Monday, July 29, 2019

Changing Our Hearts Through Prayer


Yesterday, I realized that I have been looking at prayer in quite an erroneous way and that’s why when it comes to petition, I have been so skeptical these past years.  All this time I thought that when I prayed for something that I want and think that I truly need I was doing so to change God’s mind, to get Him to submit to doing what I wanted of Him.  Yet, God is perfect He doesn’t change.  In yesterday’s readings we are encouraged to pray, to ask and to hope knowing that God will provide.  It’s easy to take these scripture readings as asking God to change His will for our lives and becoming disillusioned when things do not change the way we hoped.  However, prayer is about changing our hearts, about making us closer reflections of Christ.  For the longest time, I have prayed only to be disillusioned and disappointed when those prayers didn't turn as I hoped. Now I know that when I pray and ask God for something, even if the answer is no the prayer process works to change my heart to mold me into a better reflection of Christ. 
Father shared how he went to a healing mass and though he witnessed several miraculous healings, he returned home still sick, “sometimes people say that if your faith is strong enough you will receive what you desire in prayer, but that’s not the case.  God is mysterious and though he heals some – at other times He permits suffering because it glorifies Him.”  Thus, when I ask in prayer, I shouldn’t feel like the the strength of my faith will produce the outcome that I want nor that I can change God through my constant petitions.  I need to look at prayer as putting my needs before the Lord and trusting that He will provide whether He says “yes,” “no” or “not yet” - because prayer doesn't change God, it doesn't change things or circumstances it changes us and that change changes our world.  Real prayer is about changing ourselves first and foremost and this personal change affects our world positively. 

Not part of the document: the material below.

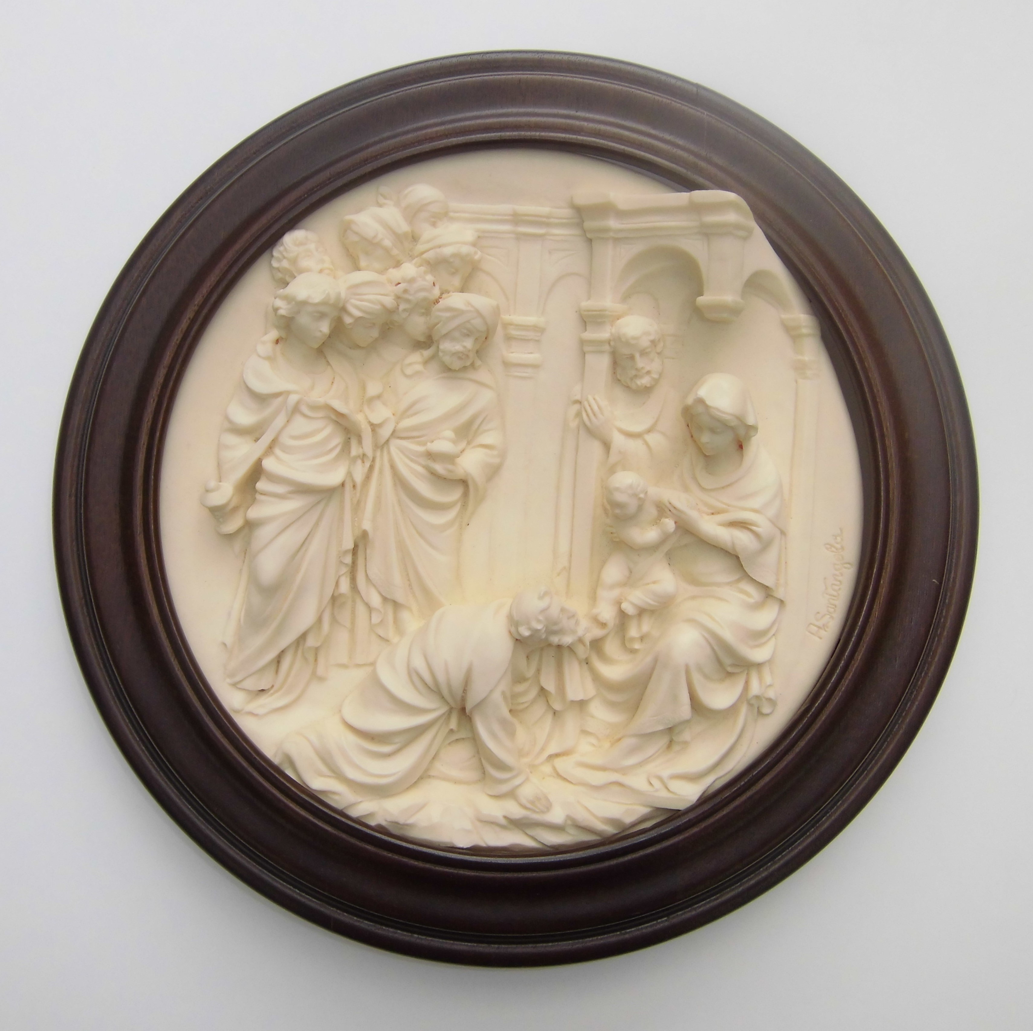 Relief in Form eines Wandtellers des Meisters Alberto Santangela, aus Alabaster, mit Holzrahmen, limitierte Ausgabe aus der L´ADORAZIONE DEI MAGI, Teller Nr. BD 6093, der Teller ist 22 cm und der Holzrahmen 3,2 cm breit, gebraucht, der Holzrahmen hat einen feinen Haarriss s. Foto, auf der Rückseite befindet sich eine ausführliche Beschreibung in italienischer Sprache

I constantly whisper, “God, help my unbelief,” because I thought that receiving the results that I wanted was a matter of how strong my faith is.  This way of thinking many times led me to feel like a failure because if I didn’t get the yes, I wanted in prayer I thought it was because my faith was not strong enough.  When my brother died, a Christian woman came up to me and said, “If you would have prayed harder, he wouldn’t have died.”  That was my first introduction to prayer- results in prayer depended on the strength of my faith.  Yet, the object of prayer is to bring us closer to God to remind us that we need Him more than He does us and sometimes though things we want go unchanging – prayer will change our hearts and we will see that whatever is being permitted in our lives serves a greater purpose.  A purpose that will bring us closer to heaven, one that doesn't convince God to give us what we want, but to align us with His will (WOW).